State Key Laboratory of Biomembrane and Membrane Biotechnology, Institute of Zoology, Chinese Academy of Sciences, Beijing 100101, China.
J Genet Genomics. 2013 Oct 20;40(10):515-21. doi: 10.1016/j.jgg.2013.07.001. Epub 2013 Aug 8.

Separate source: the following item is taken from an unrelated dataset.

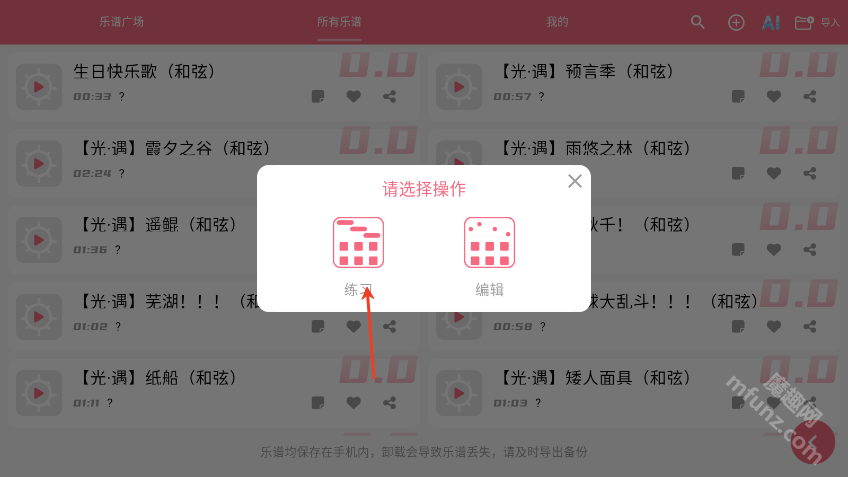 7、进入文件选择界面后,定位到你刚才存放乐谱的文件夹,从中挑选需要导入的乐谱文件。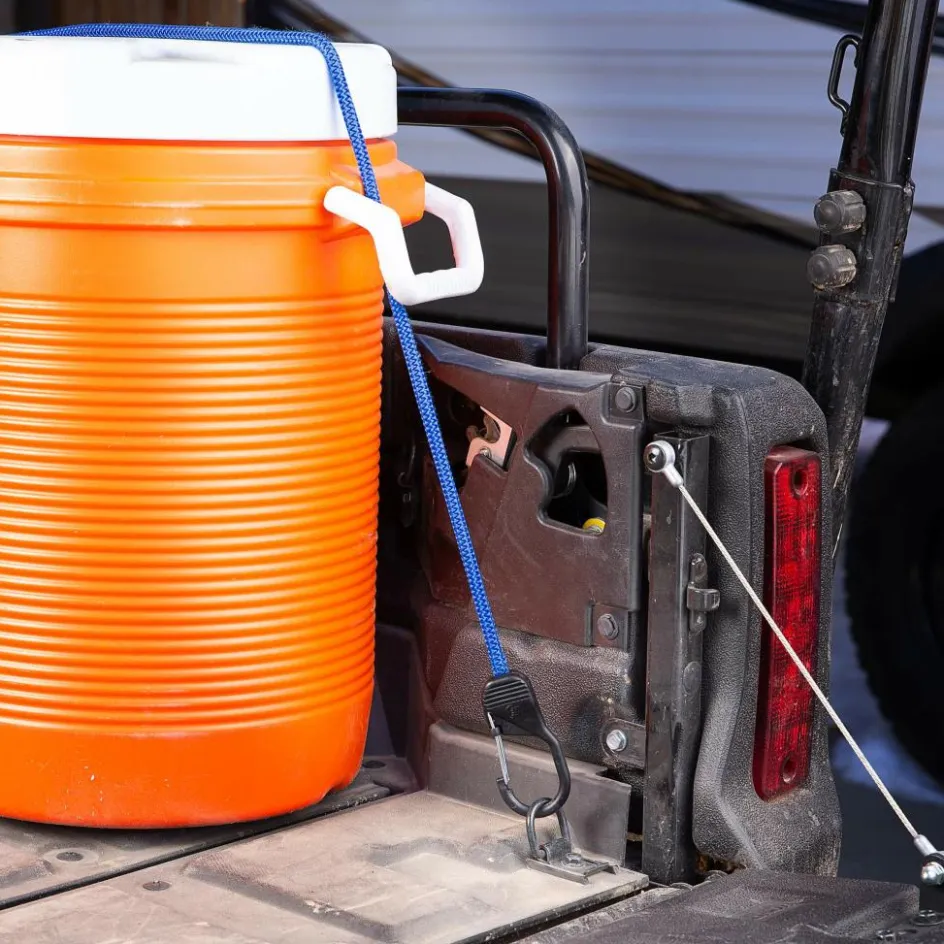 Der Sidelock Carabiner Bungee besteht aus einem elastischen Band und zwei Karabinern, dessen Öffnungen mit einer Schiebeverriegelung gesichert werden können.

Nodal, a member of the transforming growth factor β (TGF-β) superfamily, has been shown to play a role in mesendoderm induction and gastrulation movements. The activity of Nodal signaling can be modulated by microRNAs (miRNAs) as previously reported, but little is known about which miRNAs are regulated by Nodal during gastrulation. In the present study, we found that the expression of mir206, one of the most abundant miRNAs during zebrafish early embryo development, is regulated by Nodal signaling. Abrogation of Nodal signal activity results in defective convergence and extension (CE) movements, and these cell migration defects can be rescued by supplying an excess of mir206, suggesting that mir206 acts downstream of Nodal signaling to regulate CE movements. Furthermore, in mir206 morphants, the expression of cell adhesion molecule E-cadherin is significantly increased, while the key transcriptional repressor of E-cadherin, snail1a, is depressed. Our study uncovers a novel mechanism by which Nodal-regulated mir206 modulates gastrulation movements in connection with the Snail/E-cadherin pathway.
节点蛋白是转化生长因子 β(TGF-β)超家族的成员,已被证明在中胚层诱导和原肠胚运动中发挥作用。如前所述,节点蛋白信号的活性可以被 microRNAs(miRNAs)调节,但在原肠胚形成过程中哪些 miRNAs 受到节点蛋白的调节尚不清楚。在本研究中,我们发现 mir206 的表达,miR206 是斑马鱼早期胚胎发育过程中最丰富的 miRNAs 之一,受到节点蛋白信号的调节。节点蛋白信号活性的阻断导致收敛延伸(CE)运动的缺陷,而过量供应 mir206 可以挽救这些细胞迁移缺陷,表明 mir206 作为节点蛋白信号的下游因子,调节 CE 运动。此外,在 mir206 形态发生缺陷中,细胞黏附分子 E-钙黏蛋白的表达显著增加,而 E-钙黏蛋白的关键转录抑制因子 snail1a 则被抑制。我们的研究揭示了一种新的机制,即节点蛋白调节的 mir206 通过与 Snail/E-cadherin 途径相关,调节原肠胚运动。